Proton Ceramic Membrane Reactor: Preparation and Low-temperature Ammonia Decomposition Performance

TANG Yang¹, LIU Limin^1,2, ZHOU Xiaoliang^1,2,3, ZHANG Bo³, JIANG Xingzhou¹, JIA Haoyi¹, LUO Yanlinqing¹

1. College of Chemistry and Chemical Engineering, Southwest Petroleum University, Chengdu 610500, China;
2. Tianfu Yongxing Laboratory, Chengdu 611130, China;
3. College of Energy and Chemical Engineering, Xinjiang Institute of Technology, Akesu 843100, China

Received:2025-02-14 Revised:2025-04-17
Contact: LIU Limin (1976-), associate professor. E-mail:liulimin_ly@126.com
About author:Tang Yang (2001-), male, Master candidate. E-mail:2630565355@qq.com
Supported by:
National Key Research and Development Program of China (2021YFB4001502); National Natural Science Foundation of China (22075231); Tianfu Yongxing Laboratory Organized Research Project Funding (2023KJGG09)

摘要/Abstract

摘要： 氨气(NH₃)作为一种储氢材料,具有高储氢密度、易液化等优点,因此利用氨分解制氢是一种理想的氢气(H₂)制备方法。但传统氨分解的工作温度过高,中低温下NH₃转化效率过低且H₂纯度较低,无法实现H₂的有效制取。本研究通过共压法制备了具有多孔电极Ni-BZCY/BZCY/Ni-BZCY(BZCY：BaZr_0.1Ce_0.7Y_0.2O_3-_δ)对称结构的质子陶瓷膜反应器(PCMR)。在600 ℃时,PCMR在H₂与NH₃气氛下分别实现了0.11和0.23 Ω·cm²的极化阻抗(R_p),在0.8 V外加电压下其电流密度分别达到1.87和1.56 A·cm^-2;在300 ℃、0.8 V外加电压下,H₂与NH₃中的电流密度仍能分别达到0.16和0.06 A·cm^-2。通过共压法所制备的PCMR在600 ℃下的NH₃分解转化效率达到80%,比裸催化剂材料提升了8%,在350 ℃仍能实现0.3%的提升,即使在300 ℃也表现出约1%的NH₃转化效率。本研究为实现低温氨分解制氢提供了新的思路。

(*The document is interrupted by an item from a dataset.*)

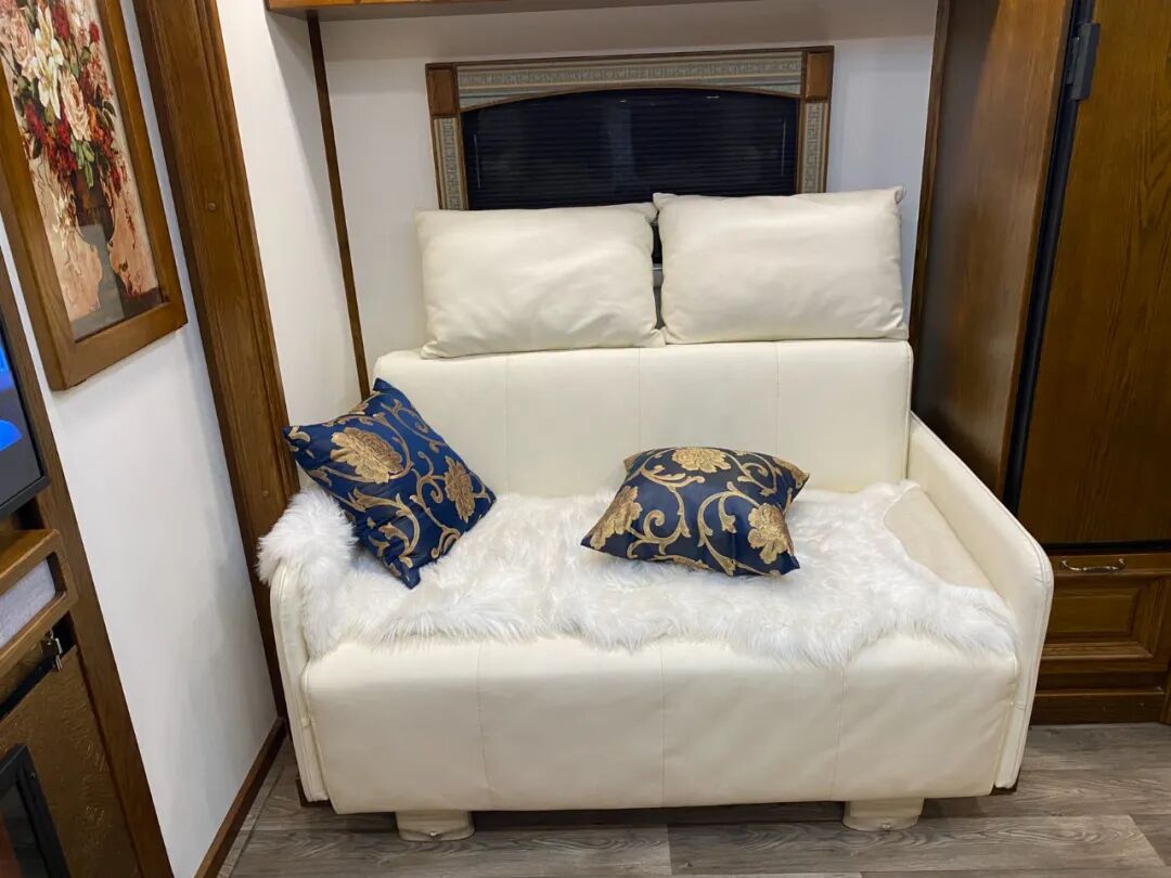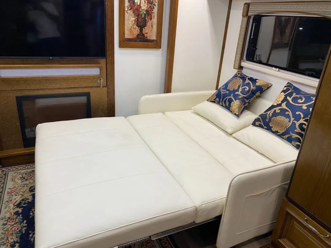 右侧真皮沙发在驻车拓展后,可根据需要转换为一张单人床供临时睡眠使用。

关键词: 氨分解制氢, 低温, 质子陶瓷膜反应器, 电化学性能, 质子传输

Abstract: Ammonia (NH₃) has been considered as a hydrogen storage material due to high hydrogen storage density and ease to liquefaction, thus hydrogen (H₂) production by ammonia decomposition is an ideal method for hydrogen preparation. However, traditional ammonia decomposition technologies face challenges such as high operating temperatures, low efficiency at moderate temperatures, and difficulties in hydrogen purification. In this study, proton ceramic membrane reactor (PCMR) with symmetric structure of porous electrode Ni-BZCY/BZCY/Ni-BZCY (BZCY : BaZr_0.1Ce_0.7Y_0.2O_3-_δ) was prepared by co-pressing method. At 600 ℃, PCMR exhibited polarization impedances (R_p) of 0.11 and 0.23 Ω·cm² in H₂ and NH₃ atmospheres, respectively, with corresponding current densities of 1.87 and 1.56 A·cm^-2 at an applied voltage of 0.8 V. Even at 300 ℃ and 0.8 V, the current densities in H₂ and NH₃ remained at 0.16 and 0.06 A·cm^-2, respectively. The NH₃ conversion efficiency of PCMR reached 80% at 600 °C, improving by 8% compared to bare catalyst material. Even at 350 °C, an additional improvement of 0.3% can still be attained, and the NH₃ conversion efficiency of about 1% was demonstrated even at 300 ℃. This study provides a novel approach to low-temperature ammonia decomposition for hydrogen production.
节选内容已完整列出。